[jira] [Updated] (HDFS-12387) Ozone: Support Ratis as a first class replication mechanism

Anu Engineer (JIRA) Fri, 22 Sep 2017 14:00:24 -0700

     [ 
https://issues.apache.org/jira/browse/HDFS-12387?page=com.atlassian.jira.plugin.system.issuetabpanels:all-tabpanel
 ]


Anu Engineer updated HDFS-12387:
--------------------------------
    Attachment: HDFS-12387-HDFS-7240.002.patch

[~xyao] and [~nandakumar131] Thanks for the review comments. I have updated the 
patch to address most comments and to the latest tree.

bq. ContainerState Change
Had an offline chat with Nanda and moving this to another JIRA since the fix is 
large and complex.

bq. PipelineSelector#newPipelineFromNodesAt the start of the function I have 
added 
{code}
  Preconditions.checkNotNull(nodes);
  Preconditions.checkArgument(nodes.size() > 0);
 {code}
 Please let me know if you had anything else in mind.

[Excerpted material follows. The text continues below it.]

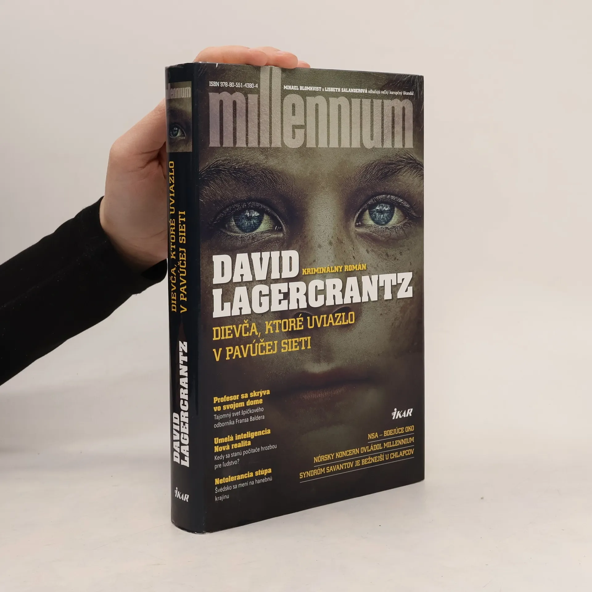 Časopis Millennium má nových vlastníkov. Zlé jazyky tvrdia, že éra Mikaela Blomkvista sa skončila, aj sám Blomkvist zvažuje zmenu zamestnania. Lisbeth Salanderová sa zdanlivo bezdôvodne zapojí do hackerského útoku. Berie na seba riziká, ktorým sa doteraz vyhýbala. Toto sa na ňu nepodobá. Špičkový odborník na výskum umelej inteligencie profesor Frans Balder zavolá uprostred noci Blomkvistovi, aby ho informoval, že disponuje šokujúcimi informáciami o amerických tajných službách. Prezradí mu, že bol v kontakte s mladou geniálnou hackerkou. Blomkvist tuší, o koho ide. V Blomkvistovi skrsne nádej na senzačné odhalenie, ktoré on aj časopis Millennium zúfalo potrebujú. Ako zvyčajne, Lisbeth Salanderová sleduje svoje vlastné ciele. Nadišiel čas, aby sa ich životné cesty opäť stretli. Román Dievča, ktoré uviazlo v pavúčej sieti z pera Davida Lagercrantza je štvrtým dielom fenomenálnej série Millennium Stiega Larssona, autora prvých troch častí (Muži, ktorí nenávidia ženy, Dievča, ktoré sa hralo s ohňom, Vzdušný zámok, ktorý vybuchol).

 bq.ChunkGroupOutputStream.java:Line 293: comment does not apply
Fixed.

bq. XceiverClientRatis.java Document and add log
Fixed.



bq. ContainerOperationClient.java: Line 98: can you add a TODO to update the 
Pipeline state from ALLOCATED to OPEN
Fixed.

bq. Line 162: NIT: commentlog can be removed. 
Fixed.

bq. Line 163: NIT:  should we change to debug log or remove it?
Fixed.

Line 97/201:  how do we handle if the pipeline state is not in either ALLOCATED 
or OPEN state?  Can we add a precondition assert here to ensure the pipeline is 
in OPEN state?
Fixed.

 
Line 260/299: we should add {{if (LOG.isDebugEnabled(O)) }} .
Fixed.

 
 
BlockContainerInfo.java
 
bq. Line 28: class document needs to be updated, the name of the class itself 
may also need to be udpated as the ContainerInfo is not only for Block svc only 
anymore with this change.
Fixed the class documentation.
 
bq. Line 64: NIT: "last used time"
Fixed.
bq. Line 80/82: the exceptions are not declared on Line 86
Both of them are runTimeExceptions, so I am copying the class 
comments from the parent. I can remove them if you wish.

 
Pipeline.java
 
bq. Line 62: should we remove containerName from the Pipeline? This can be 
handled in a separate ticket. My understanding is that we will need a pipeline 
name for the container like we defined in Ozone.proto.
Eventually yes, I have left a comment to that effect in ozone.proto. If I 
remove now, the code
churn is too much, so would like to do it another JIRA.
 
bq. Line 65/251: lifeCycleStates -> lifeCycleState
Thanks, Fixed.

 
bq. BlockManagerImpl.java:Line 200: can we update the javadoc with the new 
parameters?
Thanks, Fixed.


bq. Line 252 The size/usage information is not being persisted when 
allocateBlock via BlockManager. Can we add an API on SCM to allow update the 
container usage info? For now, we can still let block manager to call this API 
to update usage before the container report is available. I found the TODO in 
ContainerMapping to update the size via container report. With that, we still 
could have over provision problem wrt. Container size. 
Let us tackle this after we have the container report. That will give us a 
better idea about what to do here.
 
 
bq. With the new container selection algorithm, how do we handle more than 20 
clients allocate block at the same time? We may not want to hand over the same 
ALLOCATED containers to different clients for them to create on the DNs? 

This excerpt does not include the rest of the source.